▶ **MATERIAL PROVIDED**
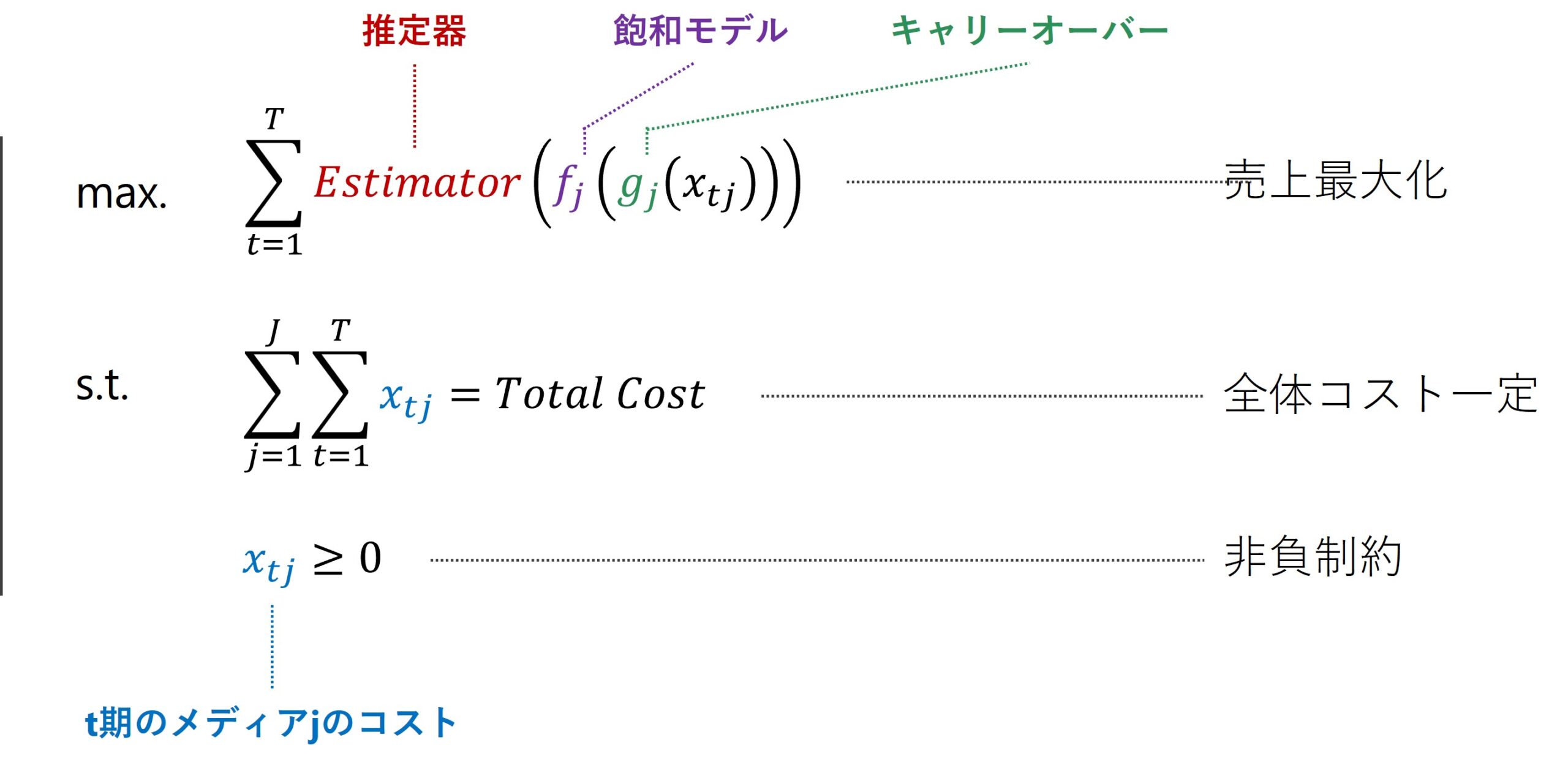 今回のMMM(マーケティングミックスモデリング)の予算最適化問題は、全体コスト一定の下で売上を最大化する、広告・販促の手段に対するコストの最適配分を求める問題になります。
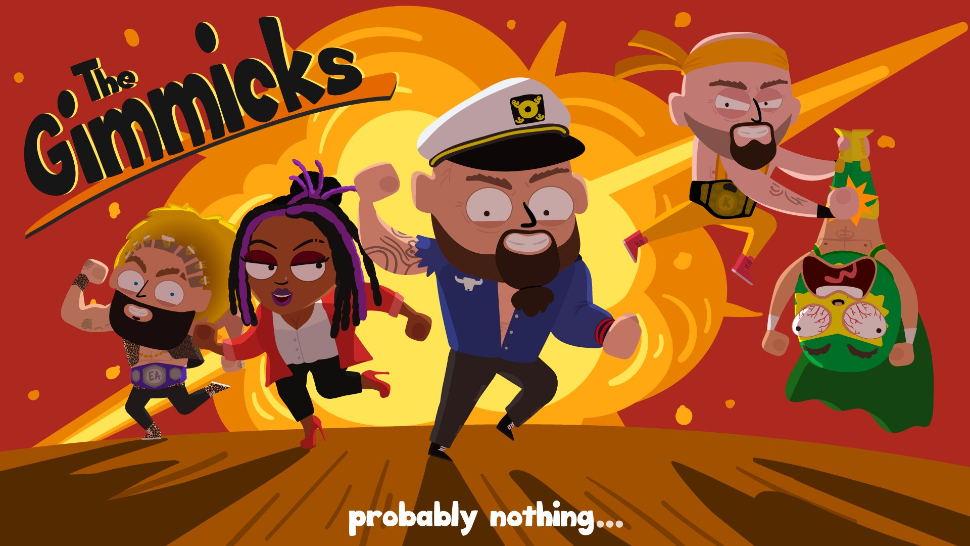 The Gimmicks is an animated NFT series featuring prominent figures in the world of wrestling. Wrestlers Karl Anderson, Luke “Doc” Gallows, nZo (Enzo Amore), and Rocky Romero star in The Gimmicks.
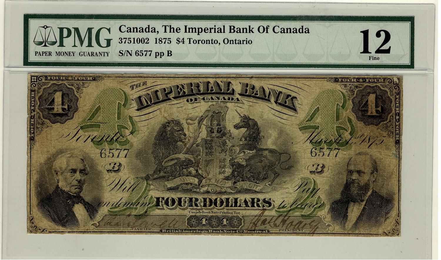 The Imperial Bank of Canada, 1875 $4 #6577, CH-375-10-02, PMG F12. Very few examples are known.
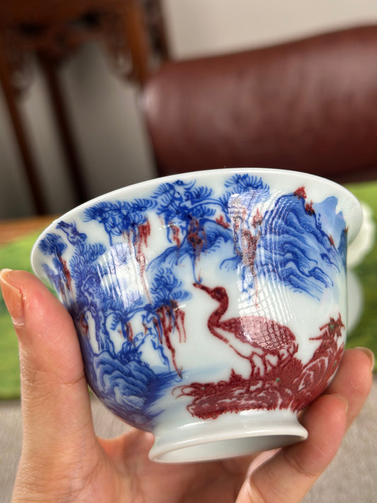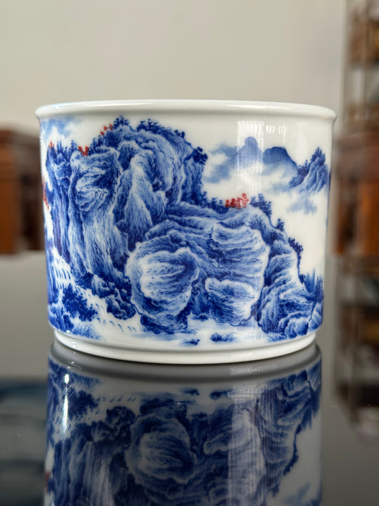 Handpainted Chinese Blue and White Underglaze Red Youlihong Porcelain Jingdezhen Mountain Landscape Pattern Teacup
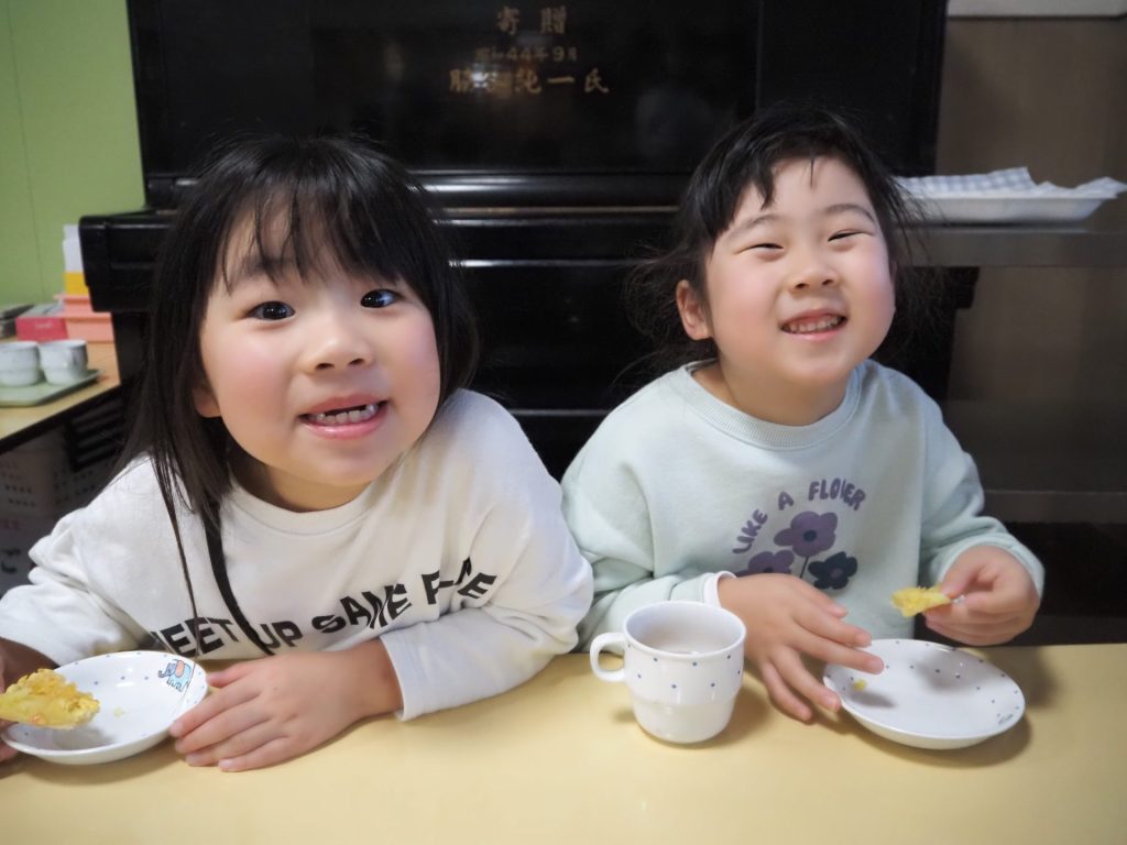 おやつは少し苦手な子もいましたが、みんなニコニコで食べていました。
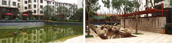 在紫荊東郡小區,水景隨處可見,從主入口兩側近50米的景觀橋水景,到入口正前方一個大型的石雕噴泉,再到小區里面幾條主干道交匯的十字路口的小型地面噴泉,中心水景上的圓形石雕噴泉,特別是不遠處的動物噴泉雕塑,只只鶴低頭凝思,細長的水流從鼻端的出水口處流出,落入下方的水池里,更是格外引人注目。"這些水景小品具有的藝術特性與審美效果,加強了整個景觀環境的藝術氛圍,成為讓空間環境生動起來的關鍵因素,在提高小區藝術品質和景觀形象的同時,更給人們帶來美的享受。"楊經理如是說。
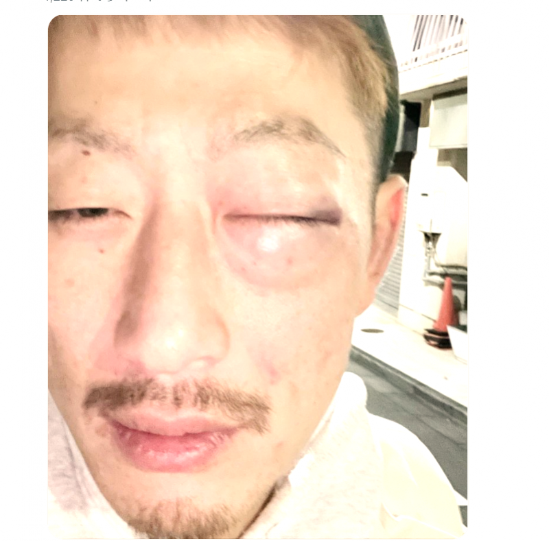 おでんつんつん男は、前回の試合後、自身のTwitterで左目が大きく腫れた写真を公開した(@odentuntun1000)
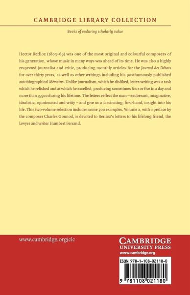 Hector Berlioz (1803-1869) was one of the most original and colourful composers of his generation, whose music in many ways was ahead of its time. He was also a highly respected journalist and critic, producing monthly articles for the Journal des Débats for over thirty years, as well as other writings including his posthumously published autobiographical Mémoires. Unlike journalism, which he disliked, letter-writing was a task which he relished and at which he excelled, producing sometimes four or five in a day and more than 3,500 during his lifetime. The letters reflect the man - exuberant, imaginative, idealistic, opinionated and witty - and give us a fascinating, first-hand, insight into his life. This two-volume selection includes some 300 examples. Volume 2, with a preface by the composer Charles Gounod, is devoted to Berlioz's letters to his lifelong friend, the lawyer and writer Humbert Ferrand.
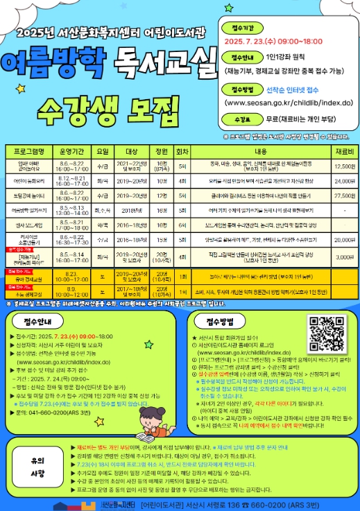 수강 신청은 어린이도서관 홈페이지 통합예약시스템을 통해 7월 23일 오전 9시부터 오후 6시까지 선착순으로 모집하며, 보다 자세한 사항은 홈페이지나 전화를 통해 확인할 수 있다.
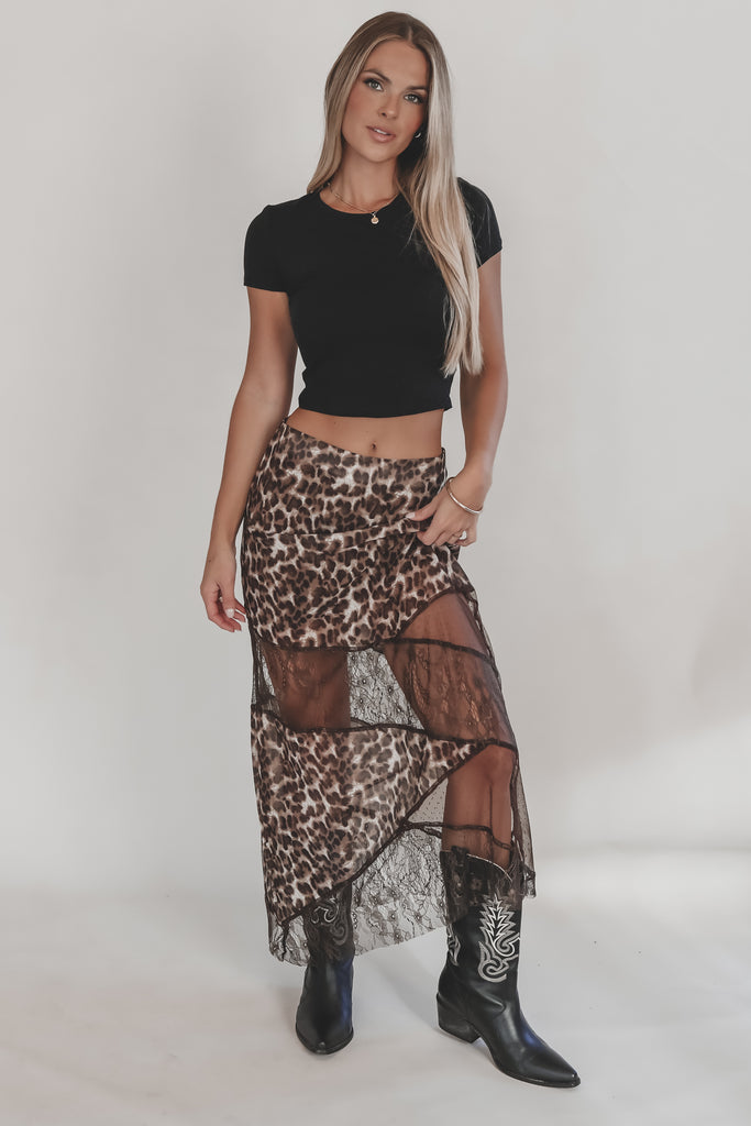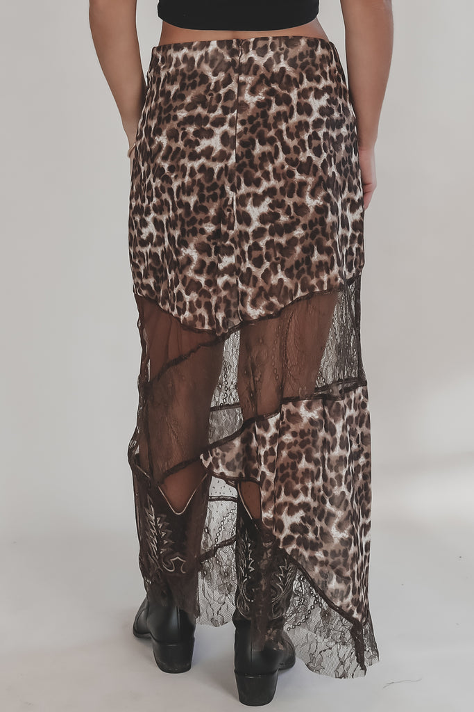 Wild With A Lacy Side Leopard Maxi Skirt
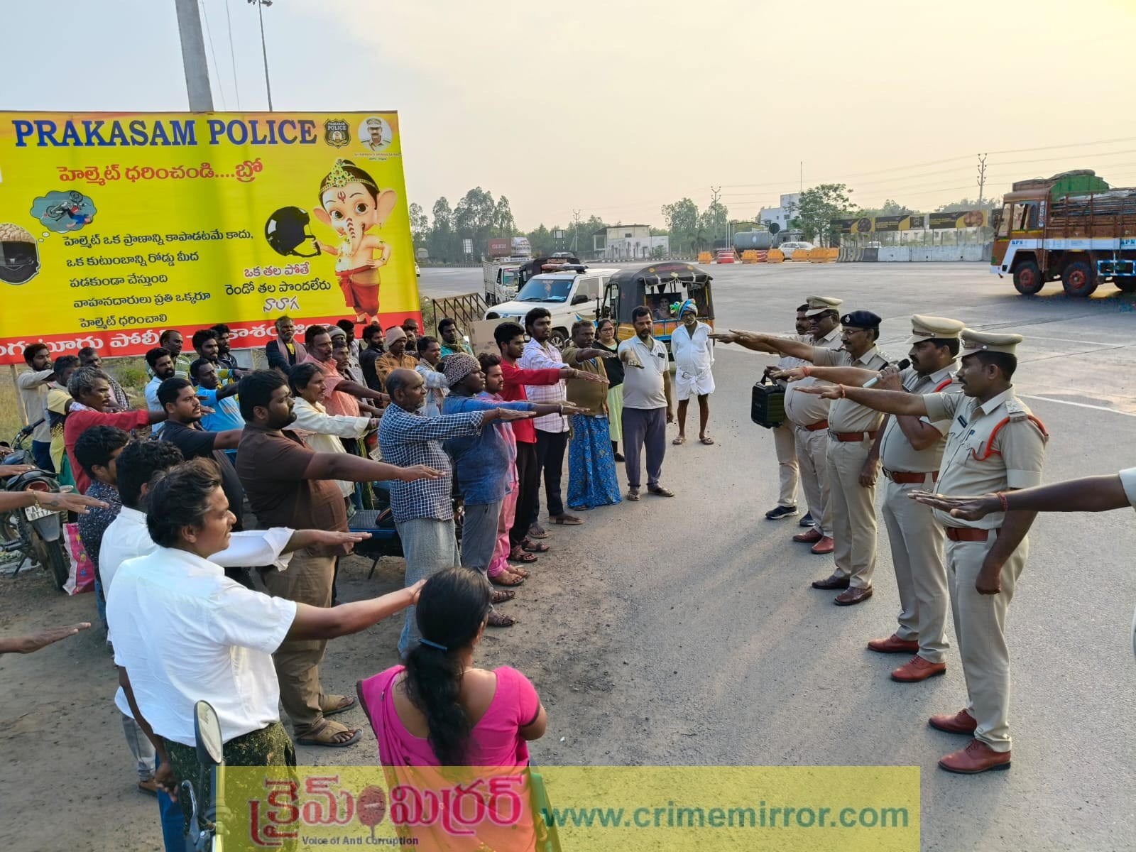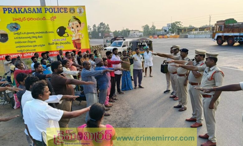 హెల్మెట్ ప్రాణ రక్షక కవచంలా పనిచేస్తుందని పోలీసులు వివరించారు. అనంతరం వాహనదారులందరిచే “నేటి నుండి ప్రయాణంలో తప్పనిసరిగా హెల్మెట్ ధరిస్తాం” అని ప్రతిజ్ఞ చేయించారు.
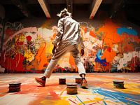Dit schilderij spat van het doek met intense expressie. Abstracte symbolen, felle kleuren en krachtige lijnen vormen een levendige chaos van emotie. Zijn kenmerkende kroontjes en gestileerde teksten versmelten tot een unieke visuele taal. Het werk lijkt een spontane eruptie van creativiteit, een poëtische dans tussen chaos en orde, typerend voor Rebelse kunstenaar unieke stijl.

▶ **YOUR TASK**
Above are some records; extract exactly the lines from the one containing "The Gimmicks is" through the one containing "The Imperial Bank" and drop the pictures.

▶ **FINISHED TASK**
 The Gimmicks is an animated NFT series featuring prominent figures in the world of wrestling. Wrestlers Karl Anderson, Luke “Doc” Gallows, nZo (Enzo Amore), and Rocky Romero star in The Gimmicks.
 The Imperial Bank of Canada, 1875 $4 #6577, CH-375-10-02, PMG F12. Very few examples are known.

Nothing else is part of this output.